Exercise instructions:
Extract word for word the lines of the listing from its start to the line holding "Drag the hexagon", both ends kept; pictures are not part of the copy.

Data block:
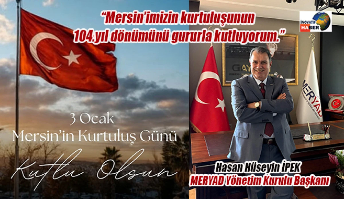 Mersin Yatırımcı İş İnsanları Derneği (MERYAD) Yönetim Kurulu Başkanı Hasan Hüseyin İpek, 3 Ocak Mersin'in Kurutuluşunu yayınladığı mesajla kutladı.
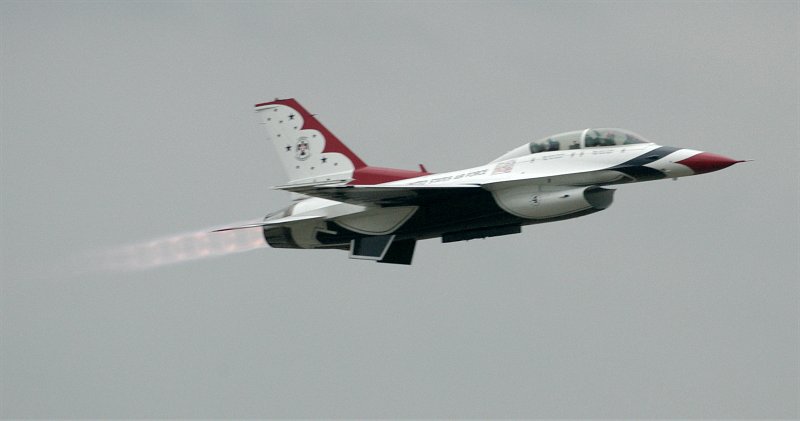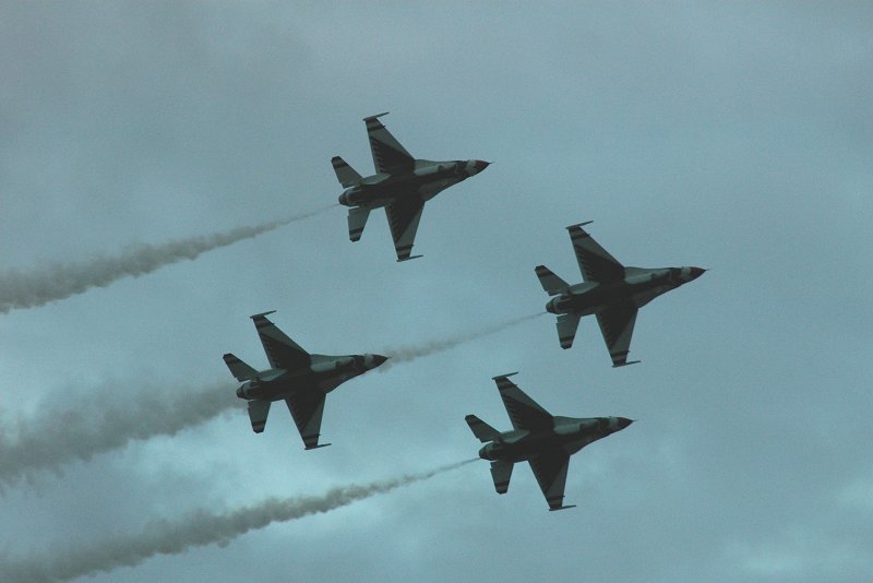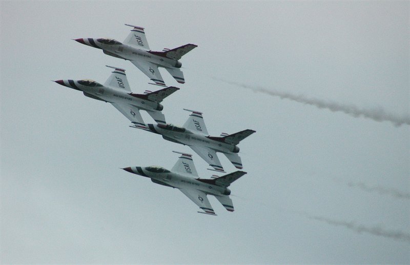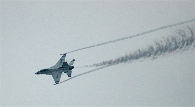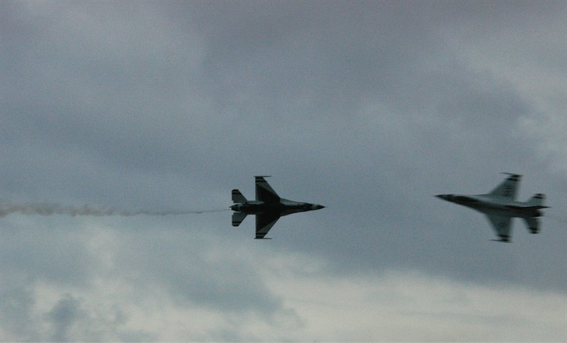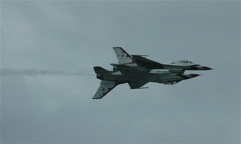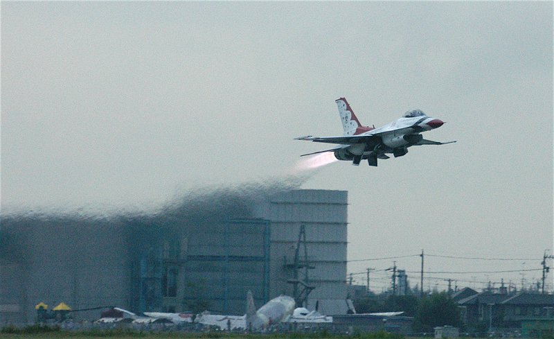 しばし、飛び回る4号。 しばらく後に、次々とアフターバーナーをふかし、F-16が離陸していきます。 ついに、サンダーバーズのデモフライトが開始されたのです。 例のごとく、例のようにクリックすると大判になる写真もあります。 曇天、夕暮れ間近。けして良いとはいえないコンデションの下では、ありますが、素晴らしい飛行です。 |
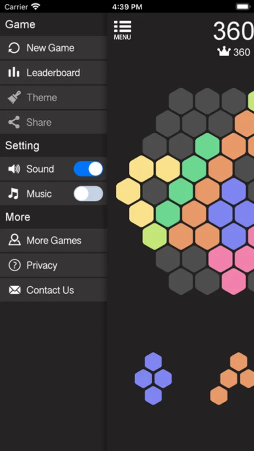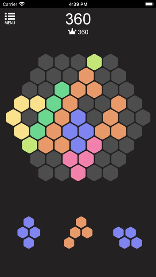 Drag the hexagon into the scene, as long as all the small hexagons combining just full of a straight line, you can eliminate!
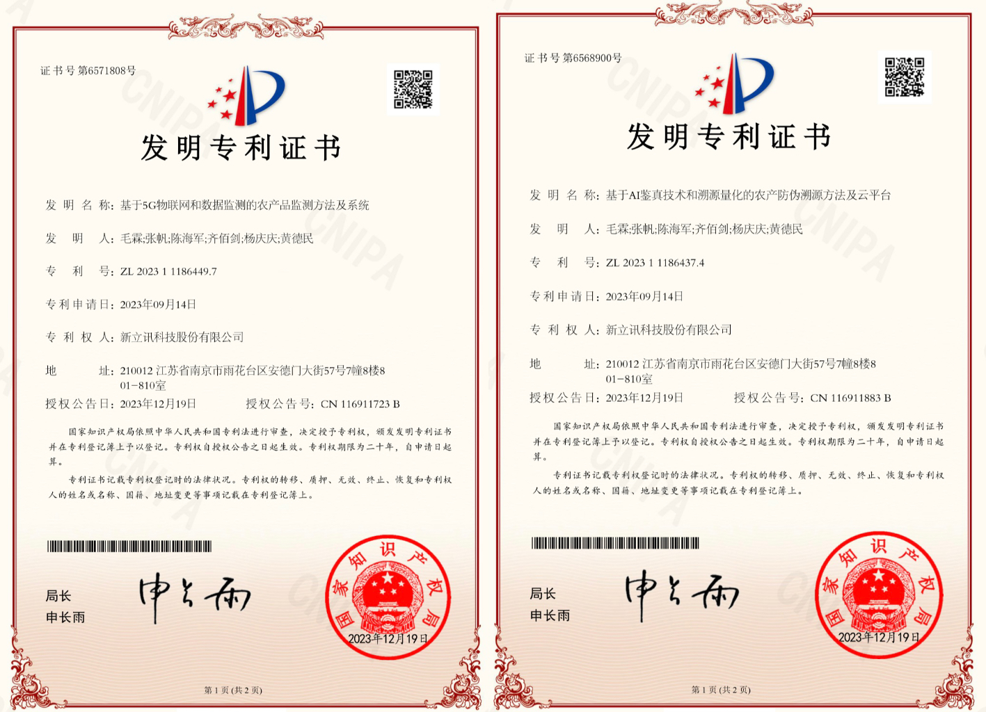 2023年12月,新立訊在農(nóng)產(chǎn)數(shù)據(jù)交易領(lǐng)域再獲4項(xiàng)發(fā)明專利。發(fā)明專利涵蓋了農(nóng)產(chǎn)數(shù)據(jù)交易與防偽鑒真多個(gè)方面,包括數(shù)據(jù)采集、處理、分析和應(yīng)用等,將有效提高農(nóng)產(chǎn)交易數(shù)據(jù)效率和可持續(xù)性。

Response for this exercise:
 Mersin Yatırımcı İş İnsanları Derneği (MERYAD) Yönetim Kurulu Başkanı Hasan Hüseyin İpek, 3 Ocak Mersin'in Kurutuluşunu yayınladığı mesajla kutladı.
 しばし、飛び回る4号。 しばらく後に、次々とアフターバーナーをふかし、F-16が離陸していきます。 ついに、サンダーバーズのデモフライトが開始されたのです。 例のごとく、例のようにクリックすると大判になる写真もあります。 曇天、夕暮れ間近。けして良いとはいえないコンデションの下では、ありますが、素晴らしい飛行です。 |
 Drag the hexagon into the scene, as long as all the small hexagons combining just full of a straight line, you can eliminate!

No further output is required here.